Congressman John Tierney, with Republican Rep. Walter Jones, has introduced legislation to reinstate certain provisions of the Glass-Steagall Act. I strongly support their proposal. Understanding it requires some background.
Depending upon exactly when we mark the start of the great Wall Street meltdown of 2007 and 2008, we have been assessing its causes (and effects) for about six years. Of course, the reality is — as with most complex historical events — there is no one, tidy event or single date that precipitated the crisis.
Actually, the forces and developments behind the meltdown — those decisions and dynamics that created an unsustainable financial system that finally collapsed — most accurately could be said to have begun 35 years ago during the administration of President Jimmy Carter.
It was during his tenure that he, Congress, the private sector and the courts first started to embrace greater efforts to deregulate industry and private enterprise. Attempting to give businesses and the market more freedom from government control, they reduced or eliminated various regulations on the trucking, railroad, airline and financial sectors.
This was an uneven and often incremental process, and it continued under President Ronald Reagan and every subsequent president until the meltdown started under President George W. Bush. The deregulatory steps in the financial sector were especially arcane and less obvious to the ordinary citizen. Because so many agencies and entities — among them the Securities and Exchange Commission, the Office of the Comptroller of the Currency, the Federal Reserve System and the federal courts — are involved in monitoring and interpreting the rules governing banking, lending, investing, trading and hedging, only true policy wonks and insiders follow the regulatory processes closely.
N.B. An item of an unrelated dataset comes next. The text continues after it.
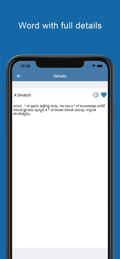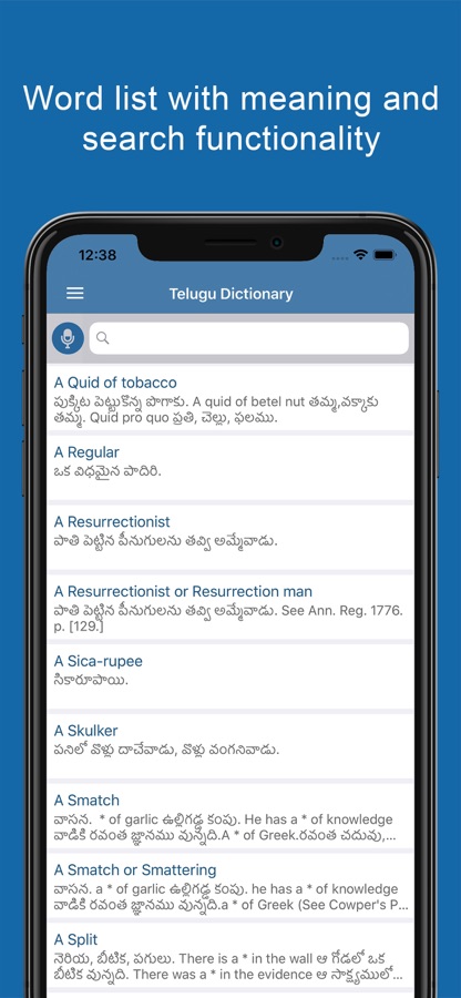 Our new English to Telugu Dictionary and Translator app is a light weight and elegant tool. You can find over 80,000+ english words with their Telugu meanings for Free on your smartphone! You can easily search for any word you want and we will take care of giving the meaning of it and the best thing is that you can take quiz to test your knowledge in this Indo-Aryan language.

But especially after 1990 or so, the financial sector increasingly enjoyed greater and greater latitude. One of the significant changes that evolved was the slow erosion of the provisions of the Glass-Steagall Act, which had been in place since 1933.
The GSA placed a sort of “firewall” between the activities of traditional, community commercial banks and the activities of the usually larger and more audacious investment banks and firms. Under the GSA, commercial banks that accepted FDIC-insured deposits and lent money to homeowners and small businesses — using long-standing best practices that had traditionally been proven to be prudent — were prohibited from engaging in the riskier businesses of speculative investment, opaque swaps dealing, hedge fund activities, market-making, and “synthetic” financial products — in short, many of the activities that played a large role in making the Wall Street crisis so serious and far-reaching. The theory (borne out in practice) was that banks should not be allowed to gamble with depositors’ savings accounts. By contrast, the investment and securities firms were governed by a different set of rules.
But throughout the 1980s and 1990s, both commercial and investment banks lobbied continuously to slowly dismantle the firewall. As the two bank types increasingly associated, the regulatory agencies and the courts repeatedly decided in favor of loosening the GSA prohibitions. Finally, in 1999, the Glass-Steagall Act was repealed, although that was just making official what was already substantially the reality.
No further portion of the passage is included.